(DATA IN THIS EXERCISE Opens)
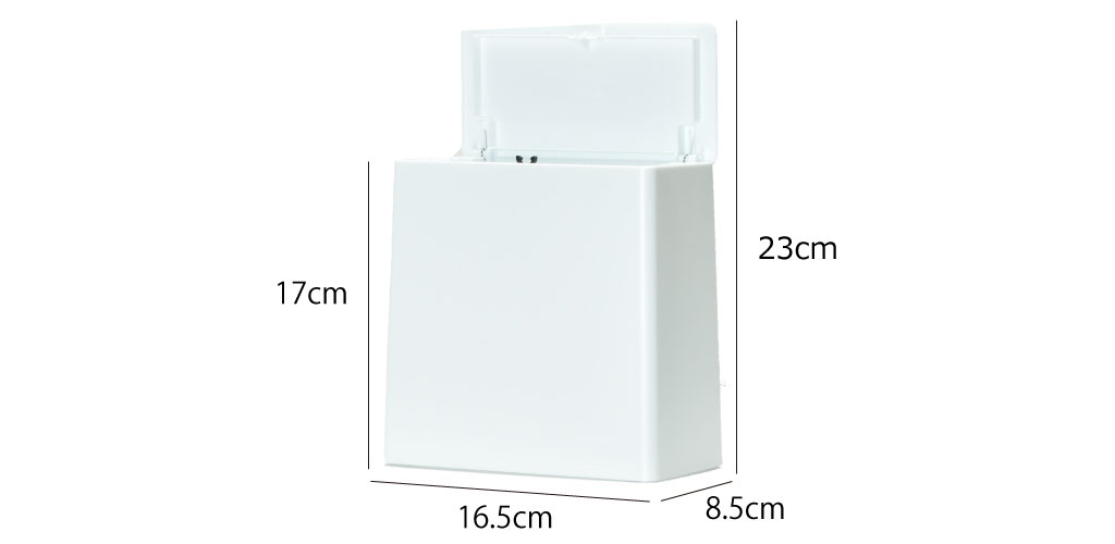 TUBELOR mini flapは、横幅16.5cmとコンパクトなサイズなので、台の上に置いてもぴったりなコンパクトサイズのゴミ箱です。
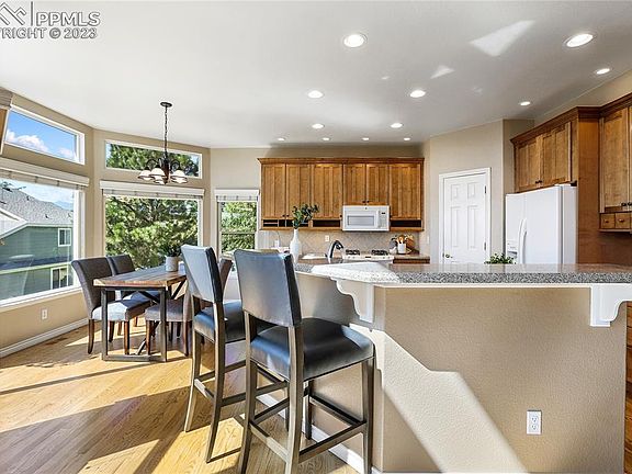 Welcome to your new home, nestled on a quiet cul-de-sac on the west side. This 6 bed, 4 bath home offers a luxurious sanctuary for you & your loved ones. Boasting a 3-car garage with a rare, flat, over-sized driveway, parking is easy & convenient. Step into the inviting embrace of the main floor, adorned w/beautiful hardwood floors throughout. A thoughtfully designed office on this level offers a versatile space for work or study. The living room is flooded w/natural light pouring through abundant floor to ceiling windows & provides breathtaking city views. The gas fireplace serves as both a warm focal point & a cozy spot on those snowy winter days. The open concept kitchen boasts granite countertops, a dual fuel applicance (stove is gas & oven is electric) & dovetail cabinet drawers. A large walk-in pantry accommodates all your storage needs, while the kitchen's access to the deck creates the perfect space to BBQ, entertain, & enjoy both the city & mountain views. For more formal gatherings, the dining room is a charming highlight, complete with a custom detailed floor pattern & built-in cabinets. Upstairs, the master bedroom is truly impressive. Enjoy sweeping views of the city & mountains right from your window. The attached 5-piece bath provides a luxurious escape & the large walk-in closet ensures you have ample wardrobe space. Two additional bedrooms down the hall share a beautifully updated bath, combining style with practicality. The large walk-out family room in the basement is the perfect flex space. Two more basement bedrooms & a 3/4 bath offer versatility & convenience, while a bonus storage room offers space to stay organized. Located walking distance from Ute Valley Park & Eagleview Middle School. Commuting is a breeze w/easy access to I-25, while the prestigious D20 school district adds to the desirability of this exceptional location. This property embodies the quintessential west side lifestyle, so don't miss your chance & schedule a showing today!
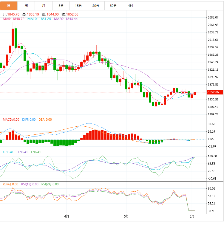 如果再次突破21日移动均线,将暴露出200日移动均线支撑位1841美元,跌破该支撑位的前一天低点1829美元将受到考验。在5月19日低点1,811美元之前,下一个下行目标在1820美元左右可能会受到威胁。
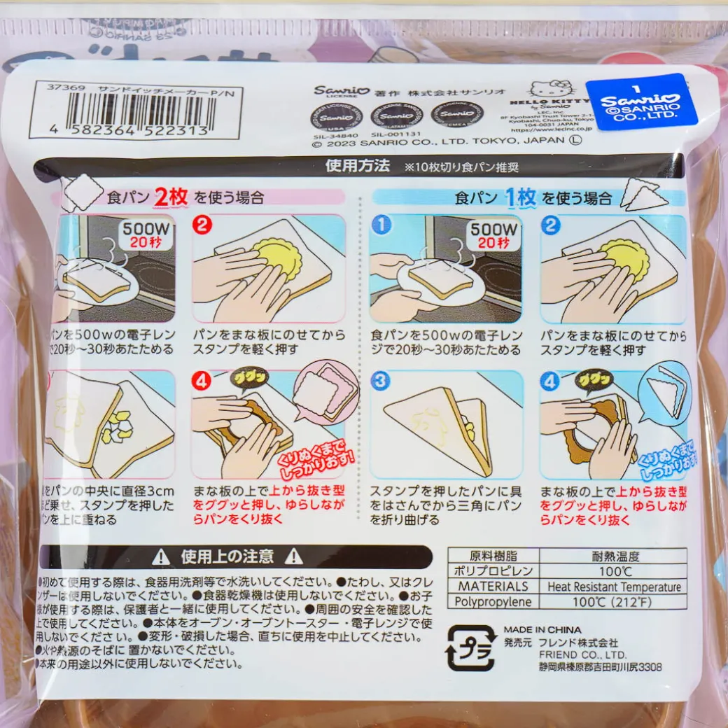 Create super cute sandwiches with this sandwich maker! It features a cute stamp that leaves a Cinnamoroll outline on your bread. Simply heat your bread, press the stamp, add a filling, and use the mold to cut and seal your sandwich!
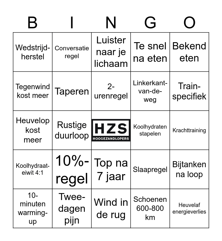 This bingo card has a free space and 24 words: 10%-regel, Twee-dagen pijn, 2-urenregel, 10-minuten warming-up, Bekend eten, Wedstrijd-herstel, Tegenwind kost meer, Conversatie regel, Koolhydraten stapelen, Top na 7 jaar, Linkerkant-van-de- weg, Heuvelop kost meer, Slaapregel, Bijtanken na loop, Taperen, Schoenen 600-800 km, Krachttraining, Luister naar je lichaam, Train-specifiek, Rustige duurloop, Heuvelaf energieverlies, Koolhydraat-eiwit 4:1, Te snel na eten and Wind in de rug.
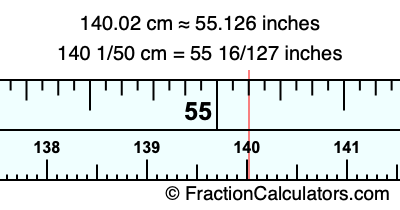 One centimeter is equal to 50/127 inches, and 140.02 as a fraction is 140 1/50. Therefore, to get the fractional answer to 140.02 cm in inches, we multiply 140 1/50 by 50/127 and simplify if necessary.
(DATA IN THIS EXERCISE Closes)
(DATA IN THIS EXERCISE Opens)
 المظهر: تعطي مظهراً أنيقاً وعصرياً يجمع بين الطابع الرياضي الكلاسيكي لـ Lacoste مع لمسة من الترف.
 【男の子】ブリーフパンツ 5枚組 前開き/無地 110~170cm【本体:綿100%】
(DATA IN THIS EXERCISE Closes)
(DATA IN THIS EXERCISE Opens)
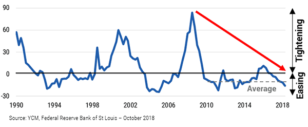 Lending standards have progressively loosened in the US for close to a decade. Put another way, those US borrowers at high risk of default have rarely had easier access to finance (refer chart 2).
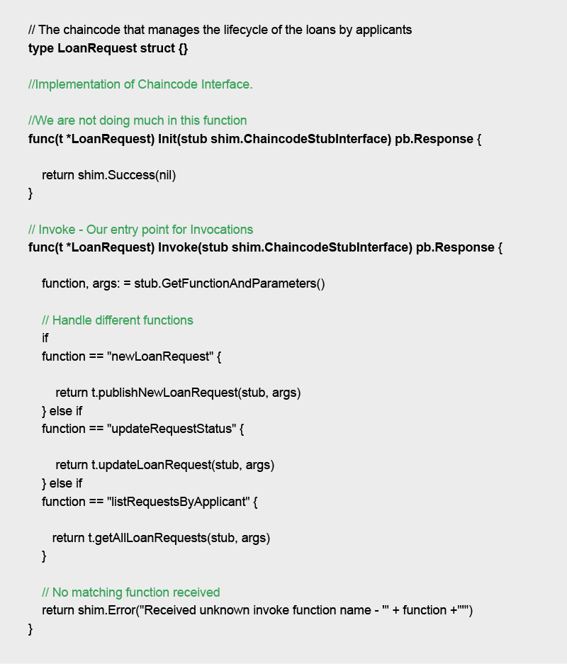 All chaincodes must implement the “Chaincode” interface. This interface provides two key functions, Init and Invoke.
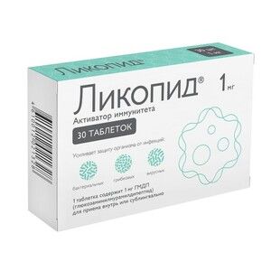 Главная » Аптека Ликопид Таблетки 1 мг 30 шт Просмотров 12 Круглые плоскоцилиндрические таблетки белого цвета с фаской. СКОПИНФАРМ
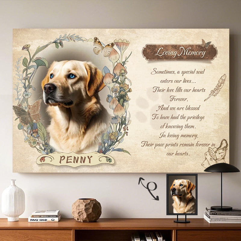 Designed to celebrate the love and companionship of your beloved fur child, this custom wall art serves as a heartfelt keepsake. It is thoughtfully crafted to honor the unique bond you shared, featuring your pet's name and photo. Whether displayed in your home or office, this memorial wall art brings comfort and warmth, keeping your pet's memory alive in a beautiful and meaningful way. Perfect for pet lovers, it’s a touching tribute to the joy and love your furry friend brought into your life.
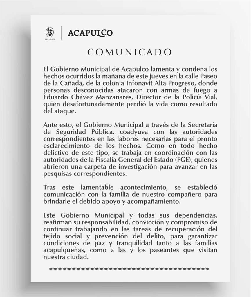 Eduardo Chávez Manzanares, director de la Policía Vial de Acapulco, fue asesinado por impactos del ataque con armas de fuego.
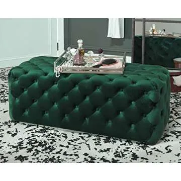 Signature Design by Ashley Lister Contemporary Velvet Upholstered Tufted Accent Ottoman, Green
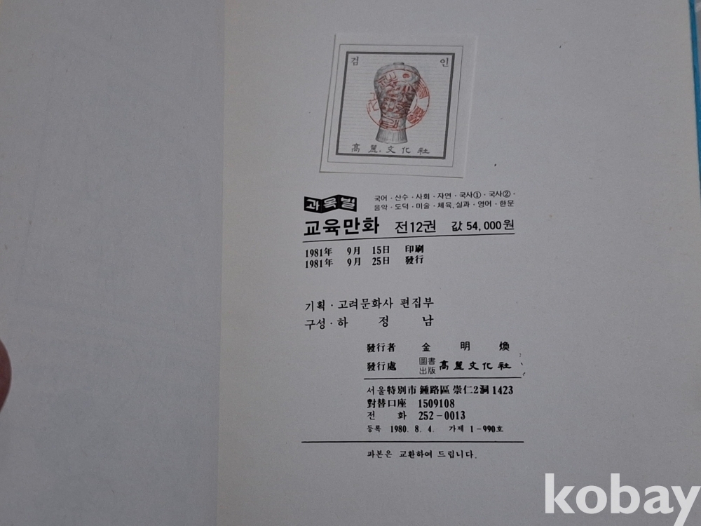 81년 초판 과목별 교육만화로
(DATA IN THIS EXERCISE Closes)
* **ABOUT THIS TASK**:
From the records above, copy only the lines running from the line containing "с фаской. СКОПИНФАРМ" to the line containing "81년 초판 과목별 교육만화로", both ends included. Leave the pictures out.

* **EXERCISE SOLUTION**:
 Главная » Аптека Ликопид Таблетки 1 мг 30 шт Просмотров 12 Круглые плоскоцилиндрические таблетки белого цвета с фаской. СКОПИНФАРМ
 Designed to celebrate the love and companionship of your beloved fur child, this custom wall art serves as a heartfelt keepsake. It is thoughtfully crafted to honor the unique bond you shared, featuring your pet's name and photo. Whether displayed in your home or office, this memorial wall art brings comfort and warmth, keeping your pet's memory alive in a beautiful and meaningful way. Perfect for pet lovers, it’s a touching tribute to the joy and love your furry friend brought into your life.
 Eduardo Chávez Manzanares, director de la Policía Vial de Acapulco, fue asesinado por impactos del ataque con armas de fuego.
 Signature Design by Ashley Lister Contemporary Velvet Upholstered Tufted Accent Ottoman, Green
 81년 초판 과목별 교육만화로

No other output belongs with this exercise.